Administrative Expenses – Types and Example

What Are Administrative Expenses?

An administrative expense is any expense that directly impacts a business’s operations and maintenance, whether incurred during the accounting period or after a change in accounting principles. Administrative costs vary based on the size and scope of an organization.

These costs can sometimes be minimized or eliminated by hiring outside professionals for certain tasks, but this goes beyond routine contract management duties.

Understanding Administrative Expenses

Administrative expenses are minor and don’t affect the core business of a company. They can include employees in senior management, the costs associated with running an office, or other general services.

It is important to remember that administrative expenses may include legally required payments, including accounting, legal, insurance, and pension costs.

Administrative expenses are a direct consequence of doing business. Sometimes referred to as “indirect” expenses, administrative expenses include products such as postage or stationary, equipment rentals, and the cost of keeping your lights on. The goal is to reduce this expense as much as possible. Administrative expenses can be viewed below COGS on the income statement.

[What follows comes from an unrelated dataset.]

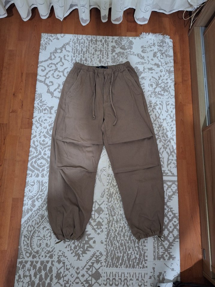 Bej keten kumaştan, rahat kesim erkek pantolon. Elastik paçalarıyla konfor sağlar. Günlük kullanıma uygun, trend sokak stili pantolon.

They are typically combined with general or selling expenses.

The most important thing to know about administrative expenses is that they are fixed. This means there may not be a direct relationship between the number of administrative expenses incurred and the level of sales that occur. Organizational expenses are variable.

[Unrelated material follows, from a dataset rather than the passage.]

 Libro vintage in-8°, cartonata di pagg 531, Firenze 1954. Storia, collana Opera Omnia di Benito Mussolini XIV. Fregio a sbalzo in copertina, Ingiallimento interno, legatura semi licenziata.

They may include payroll, office supplies, computer hardware/software, internet costs, vehicle maintenance and repairs, energy/utility expenses, inventories, real estate management fees, and more. Once you understand your expenses’ basics and the categories within those expenses that you fit into, then budgeting becomes much easier. 

Management is strongly motivated to maintain low administrative expenses relative to other costs, allowing a business to utilize leverage more effectively. Managing administrative expenses gives business owners a way to save time without sacrificing profitability.

By making this conscious effort in tracking and managing administrative costs, you can ensure you aren’t wasting time on projects that aren’t achieving anything.

The Internal Revenue Service (IRS) allows companies to deduct ordinary and necessary business expenses from their taxes, including the costs associated with running a business. These expenses must be incurred during the usual course of business and recorded in the year they are accrued.

Other Types of Administrative Expenses

Other types of administrative expenses include those that are intended to maintain the reputation and functioning of the organization, but aren’t directly related to day-to-day operations. These can include things like insurance for equipment replacement or maintenance, computer software updates, mailings, public announcement, and accounting services for meetings and special events.

Salaries and benefits paid to account and IT staff and all executive compensation and benefits will be reported as administrative expenses.

All of the travel expenses incurred by employees attending training sessions in relation to their jobs, meetings, conventions, workshops, and speaking engagements are considered administrative expenses.

The role of depreciation depends on the asset being depreciated. They can be classified as general, administrative, or selling (marketing) expenses. Many organizations choose to include consulting and legal services as administrative expenses. Most R&D costs are not considered administrative expenses.

For many companies, the best way to evaluate profitability is to allocate expenses between different business units. This gives managers an accurate view of profitability across each business unit to evaluate performance and make informed decisions about expansion or streamlining as needed.

Accounting for Administrative Expenses

In accounting, businesses usually account for administrative expenses at the time they are incurred. When dealing with many administrative expenses that repeat every month, it is best to record them periodically to ensure that your records are up to date.

You will probably need to know how increased or decreased sales affect the cost of each widget you sell. In order to determine this, you will have to do some accounting.

Your production and administrative expenses are an important part of your financial statements. They help you assess the cash flow implications of different sales scenarios. The more you are aware of how much you’re spending, the easier it will be for you to come up with a budget and make your projections as accurate as possible.

Administrative Expenses and Tax Deductions

The Internal Revenue Service permits any business to deduct the expenses incurred in running a business. This includes administrative costs such as printing and subscriptions, employee salary and benefits packages, continuing education and travel, tuition reimbursements, professional service providers, office supplies, and professional memberships.

Example of Administrative Expenses

  1. For example, if you’re maintaining the plant’s equipment and plumbing when you should be working on business operations, then that’s a non-administrative expense. On the other hand, if you’re maintaining the plant’s equipment because it’s required for day-to-day operations and you wouldn’t mind having it replaced one day, then that’s an administrative expense.
  2. If you have a large staff in your business and is responsible for many IT services, then employing a portion of those employees as temps could be an administrative expense. On the other hand, paying for consultants to perform similar functions could be an expense.

Key Takeaways

  • An administrative expense is any expense that directly impacts a business’s operations and maintenance, whether incurred during the accounting period or after a change in accounting principles.
  • Administrative costs vary based on the size and scope of an organization.
  • The most important thing to know about administrative expenses is that they are fixed. This means there may not be a direct relationship between the number of administrative expenses incurred and the level of sales that occur.